Tubal ran with the other two boys, quietly, from bush to tree to boulder. Hidden behind the natural terrain, they were invisible to the bent figure sitting on a rock near the still pool of water.


“You go further around Tubal, behind that small rise above him,” whispered Temar, “and Banor, you go around the other side behind those large rocks.”

The old man’s doleful face was visible in the smooth mirror of the small desert pond. A small, white lamb lay curled comfortably at his master’s feet and the rising palms softly blanketed them both with cool shadow. Once in their designated places of observation the only movement the boys saw was the little lamb calmly craning his head to sip at the silvery surface near the old man’s feet. Tubal heard the full, tender voice that came from his tented face. Unlike Tubal, Temar and Banor couldn’t hear the old man’s grieving sighs, or see the tears rivering down his face.

For you know that it was not with perishable things such as silver or gold that you were redeemed from the empty way of life handed down to you from your forefathers, but with the precious blood of Christ, a lamb without blemish or defect. –1 Peter 1:18-19

“Little one,” he spoke in to the sky, “today is a day of great sorrow, of death and of life. O Lord, see my humble and obedient heart.”

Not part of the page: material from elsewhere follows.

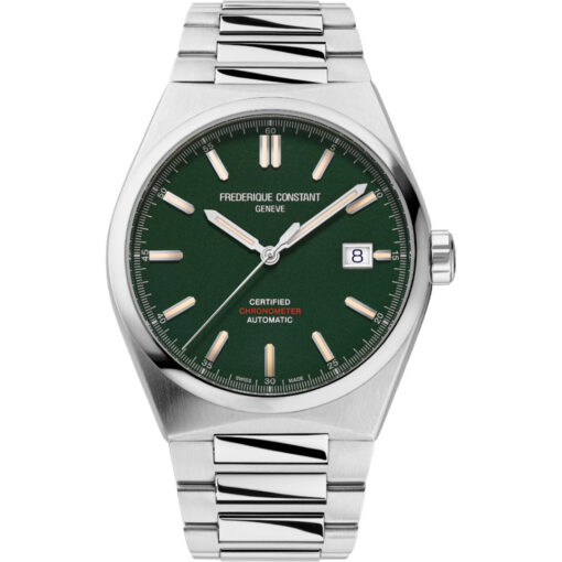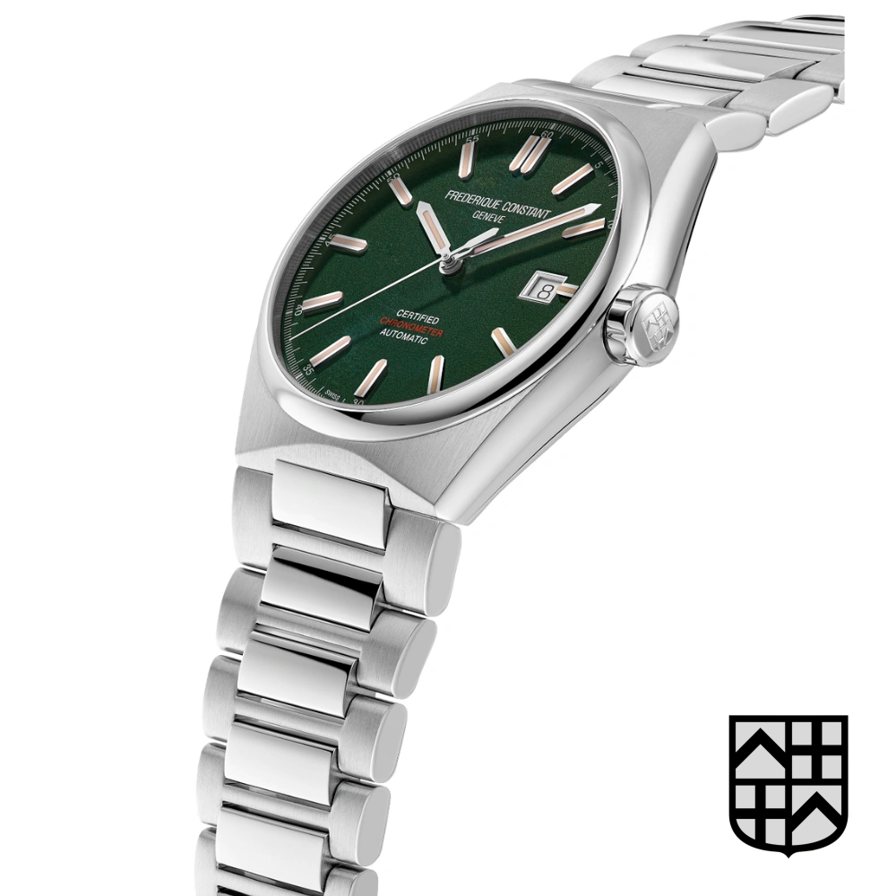 Vỏ và dây đeo bằng thép không gỉ tông màu bạc. Vành thép không gỉ tông màu bạc cố định. Mặt số màu xanh lá cây với kim và vạch chỉ giờ tông màu bạc. Thang phút xung quanh vành trong. Kiểu mặt số: Analog. Kim và vạch chỉ giờ phát quang. Hiển thị ngày ở vị trí 3 giờ. Bộ máy tự động Frederique Constant Calibre FC-303 (Base SW200) với khả năng dự trữ năng lượng 38 giờ. Mặt kính sapphire chống trầy xước. Mặt sau trong suốt, có thể nhìn xuyên qua. Hình dạng vỏ tròn, kích thước vỏ: 39 mm, độ dày vỏ: 10,34 mm. Chiều rộng dây đeo: 24 mm. Khóa cài. Chống nước ở độ sâu 100 mét / 330 feet. Chức năng: ngày, giờ, phút, giây. Thông tin bổ sung: đi kèm với một dây đeo bằng da màu xanh lá cây bổ sung. Dòng Highlife. Kiểu đồng hồ thể thao. Nhãn đồng hồ: Sản xuất tại Thụy Sĩ.

Caressing the soft underchin of his precious lamb he gazed down and said, “You are my only companion here in this desert. Indeed, now a most sacred thing. I look at the jewels and precious cloth those hated Egyptian taskmaster gave me the day we left, and it doesn’t compare with your companionship. And now…” his voice faded into despair and his bent figure hung a bit lower.

Life was precious to this man, and the small, spotless lamb was all that he had. The work in Egypt had been hard, and the young wife had died under the crush of cruelty without bearing a single child. Now he was alone. Except for this one precious lamb.

The boys slipped quietly away as the sobbing silhouette embraced his most prized treasure. His anguished groans seemed graven into his mind as Tubal skillfully withdrew undetected from his cover.

Tubal joined Banor and Temar who were already in a vivacious discussion some distance from the oasis.

“Why was that old man so upset?” Banor asked Tubal as Temar glared anxiously for his reply.

“I don’t know,” Temar replied, “but it seemed like he had great sorrow in his heart.”

“Has someone in the camp died?” Temar said almost shouting.

No one had died, of course, since they left that hated land of slavery. It seemed miraculous. He’d heard his father talk about it. Other miraculous things, like the shoes and clothes that never wore out, were spoken of almost in hushed reverence. It really didn’t mean much to the young boys who were tasting the sweetness of freedom for the first time ever. Their disucssion of the old man’s behavior left them puzzled long enough only for some other boyish adventure to distract them.

Tubal was pensive long after.


His chores done and his mother satisfied, he started off to meet his friends when his father called.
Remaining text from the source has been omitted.